Indian Rupee
Indian Rupee Reuters

The Indian rupee rebounded on Tuesday after Reserve Bank of India's (RBI) intervention and profit booking by foreign banks, and gained 20 paise.

The rupee touched a historic low of 53.975 to the dollar Monday as the American currency strengthened from euro zone's political and economic crisis in global markets.

Early morning trade saw the rupee drop to 54.07 against a dollar, and central bank intervention strengthened it to 53.83 in the morning session.

In the afternoon session, the rupee was trading at 53.75 and later dropped to 53.88/89 to the dollar.

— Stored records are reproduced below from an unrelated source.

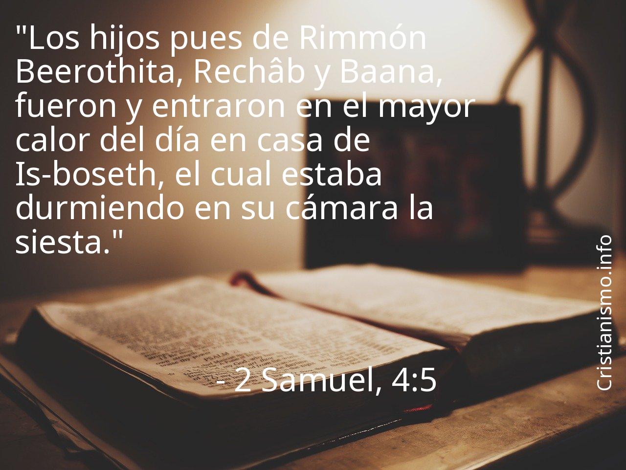 Meditar acerca de el versículo 2 Samuel, 4:5 nos supone una ayuda a ser mejores personas y a elevar nuestra alma hacia Dios, por esa razón es bueno acudir al versículo 2 Samuel, 4:5 en todas aquellas ocasiones en que nos pueda servir de guía para saber cómo actuar o para traer el sosiego a nuestros corazones y almas.
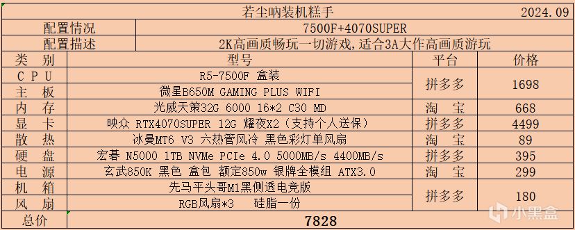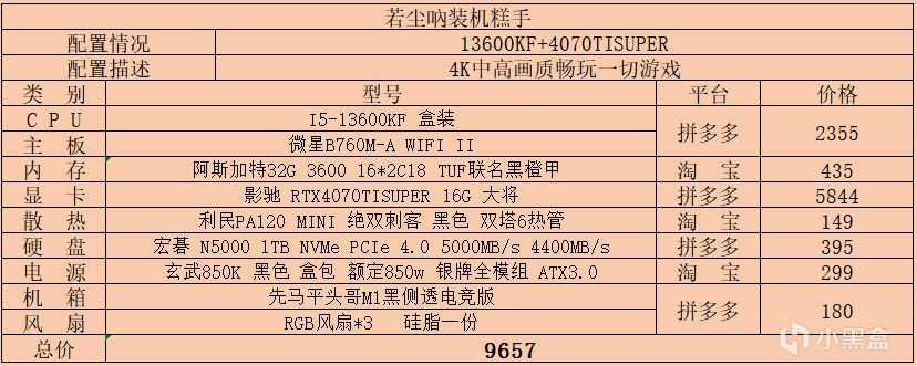 一、3000-4000價位,該價位不做過多推薦,但對於預算不是很足但又有着很大性能需求的盒友來說是有着非常大的參考價值的,所有配件保證全新的情況下最大程度上滿足了性能需求,能夠在1K中高畫質下暢玩一切遊戲:
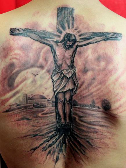 背部一款十字架耶稣纹身图案
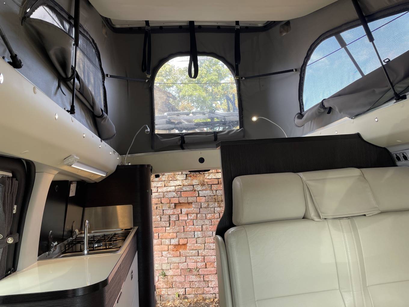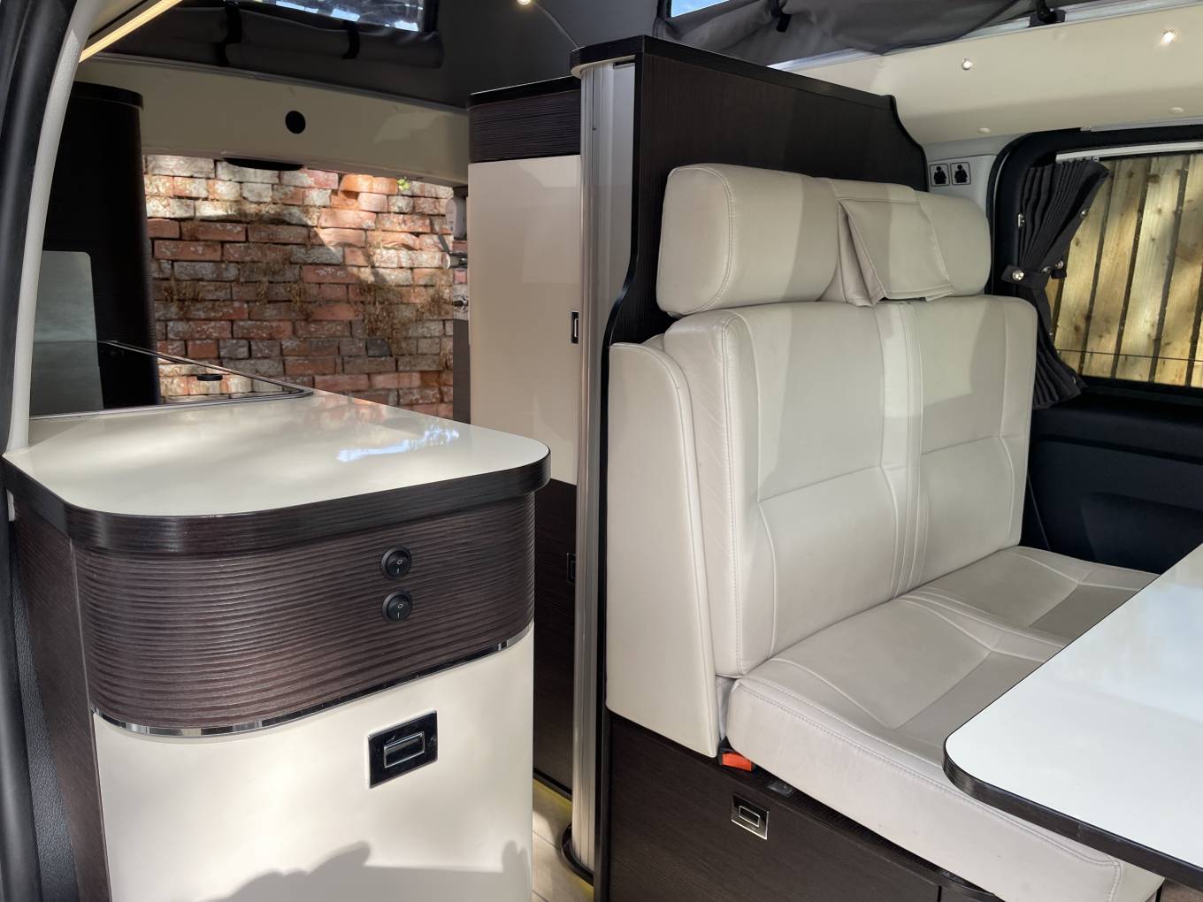 The driver and passenger “Captains” seats swivel into the four person seating area, which in minutes can be converted into a very comfortable sleeping area with a double bed. The pop-up roof not only affords more head room (2.20m max) – it also comes into play as a seriously cosy double bedroom. Sleek and contemporary interiors won’t leave you wanting for anything, day or night this is a motorhome that gives you complete independence to get out there and see the places you want to see, whether it’s on a city break or time in the wilds.
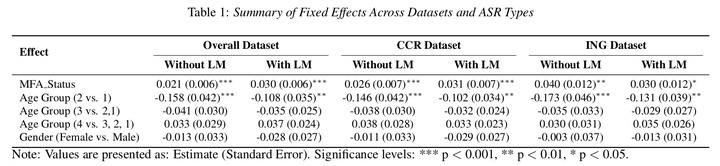 Automatic Speech Recognition (ASR) models often struggle with the phonetic, phonological, and morphosyntactic features found in African American English (AAE). This study focuses on two key AAE variables: Consonant Cluster Reduction (CCR) and ING-reduction. It examines whether the presence of CCRandING-reduction increases ASR misrecognition. Subsequently, it investigates whether end-to-end ASR systems with out an external Language Model (LM) are more influenced by lexical neighborhood effect and less by contextual predictability compared to systems with an LM. The Corpus of Regional African American Language (CORAAL) was transcribed using wav2vec 2.0 with and without an LM. CCR and ING-reduction were detected using the Montreal Forced Aligner (MFA) with pronunciation expansion. The analysis reveals a small but significant effect of CCR and ING on Word Error Rate (WER) and indicates a stronger presence of lexical neighborhood effect in ASRsystems without LMs.
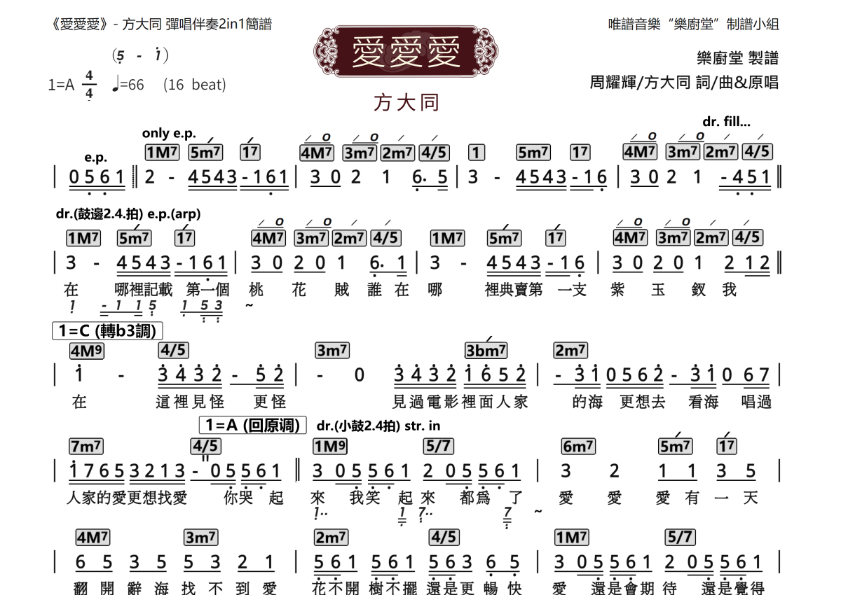 “乐厨堂”乐谱发布小组: 出版级乐谱扒谱制谱——以职业乐手圈通行标准记谱,遵循原版和声、伴奏元素和段落结构。 ❶ 2.0多功能专业团谱:采用台湾卓著公司开创的二代简谱标准制作。二代简谱无疑是迄今为止最科学、最易读的专业范畴多功能记谱方案:❷ 框架谱:采用职业乐手通常记谱方案制作。

RBI has strongly intervened in the forex market to defend the rupee as it has been steadily losing against the greenback due to multiple reasons, ranging from the country's trade deficit, heavy demand for dollar, euro zone crisis and the government's policy confusions that discouraged foreign investments.

RBI reportedly has sold $400-$500 million in spot and forward markets.

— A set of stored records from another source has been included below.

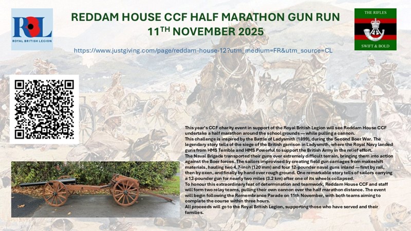 To honour this extraordinary feat of determination and teamwork, Reddam House CCF and staff will form two relay teams, pulling their own cannon over the half marathon distance. The event will begin following the Remembrance Parade on 11th November, with both teams aiming to complete the course within three hours.
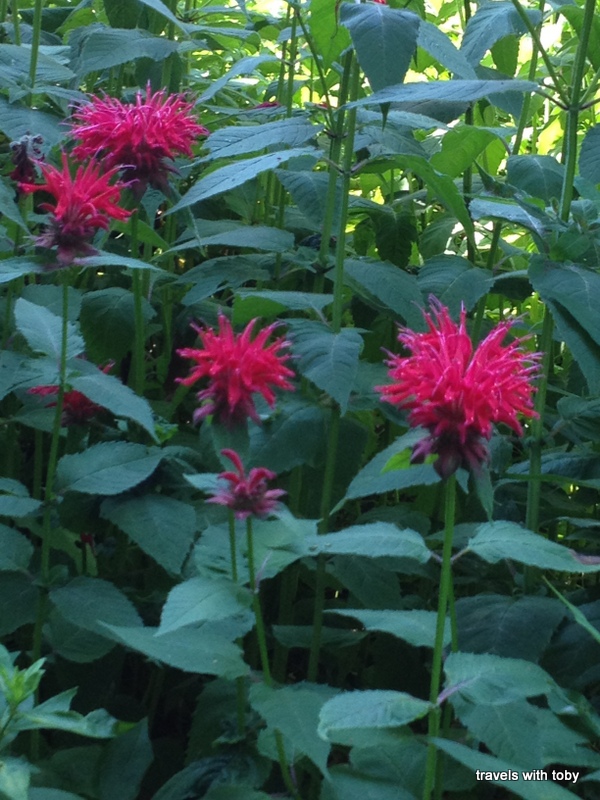 Now that it’s September and fall is right around the corner, I thought it would be a good time to post some summer gardening photos.  First up are some bee balm, black-eyed Susans, pink coneflowers and a cucumber.
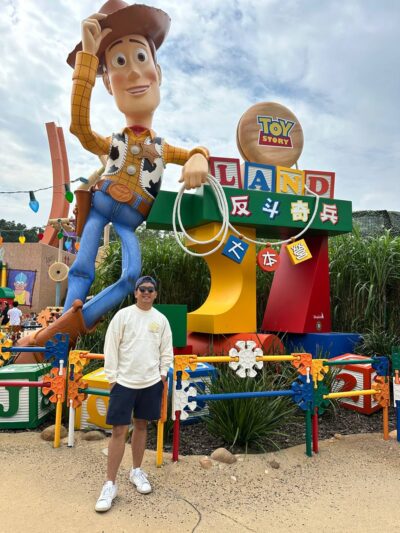 Next we’re going to take pictures by the 3 statues of Toy Story characters in Toy Story Land. You can find Rex by the entrance to Toy Story Land from Mystic Point, and Woody on the opposite side of the land by the entrance near Fantasyland. Mr. Potato Head, on the other hand, can be found outside Andy’s Toy Box.
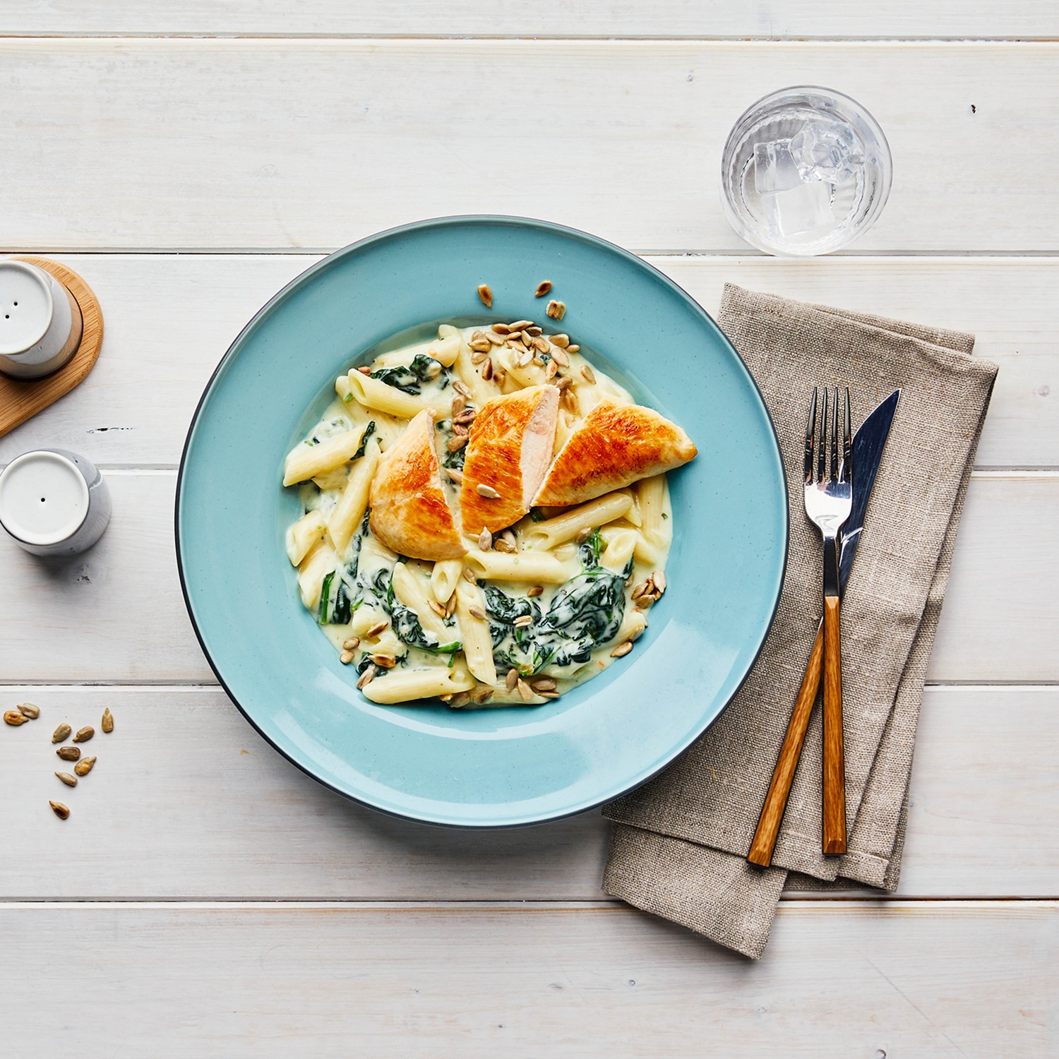 - Die Nudeln und die Putenfilets auf Tellern anrichten und mit den Sonnenblumenkernen bestreut servieren.
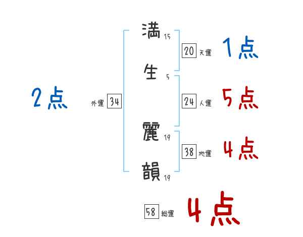 満生麗韻さんの画数の鑑定結果
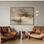 “Light Within Matter” is a framed canvas artwork that blends raw texture with a subtle, luminous presence. Warm beige and brown tones flow into cool grays, creating depth—like a quiet ray of light glowing from within the surface. Inspired by natural textures such as stone, plaster, and sand, it brings calm, balance, and a grounded, organic feel to the room.
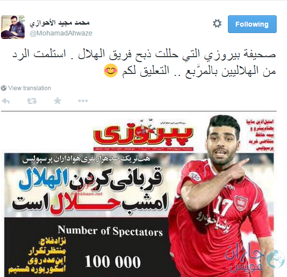 ونقلت صحيفة “الرياضية” عن مصادر لها في منطقة الأحواز، أن رصاص قوات الأمن الإيرانية كان للمحتفلين بالمرصاد، حيث سقط أربعة جرحى عندما فتح الأمن الإيراني النار على المحتفلين بفوز الهلال على بيرزي ليسقط الجرحى الأربعة برصاص الغدر.
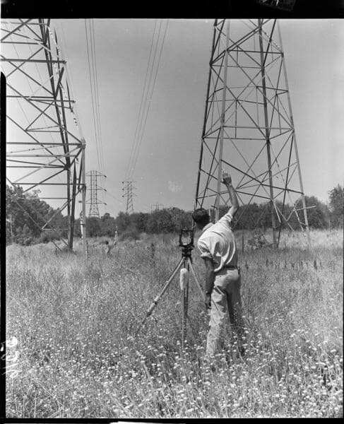Transmission line corridor - area with staged equipment, poles and conductor for line construction work.
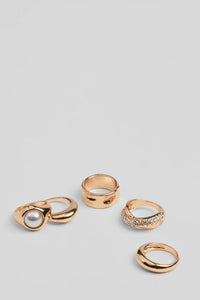 Stylish Stack Chunky Rhinestone And Pearl Ring Set
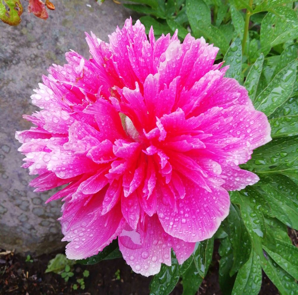 シャクヤクが雨の中咲いていました。可愛い水玉つき。(笑)

RBI has taken several measures of late, from selling dollars to asking exporters to convert 50 percent of their foreign earnings in the Exchange Earner's Foreign Currency (EEFC) account into rupees.

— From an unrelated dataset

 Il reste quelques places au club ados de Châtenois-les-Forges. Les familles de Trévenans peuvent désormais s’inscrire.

However, analysts believe that RBI's intervention will have limited impact in the long run as it is not backed by government policies. Further the current low in rupee is also due to a strong dollar in global markets because of the euro zone economic crisis and weak markets.

The central bank will likely continue intervening and regulatory measures will keep coming in. Tinkering with the domestic dollar supply is not the same as encouraging capital inflows, which will need a change in the global backdrop, Piranha Kishore, a foreign-exchange strategist at Standard Chartered in Mumbai told Bloomberg.

Tuesday also saw heavy selling of dollars by nationalized banks as they liquidated their dollar holdings helping the rupee gain against the dollar. Meanwhile, foreign banks also started selling dollars to book profit as they expected RBI to defend the rupee's 54.00 level against the dollar.

RBI intervened in the market at 54.7 level but stayed out after that. It is strengthening now as foreign banks are selling dollars to book profit, a Bloomberg report quoted a senior currency dealer at a foreign bank as saying.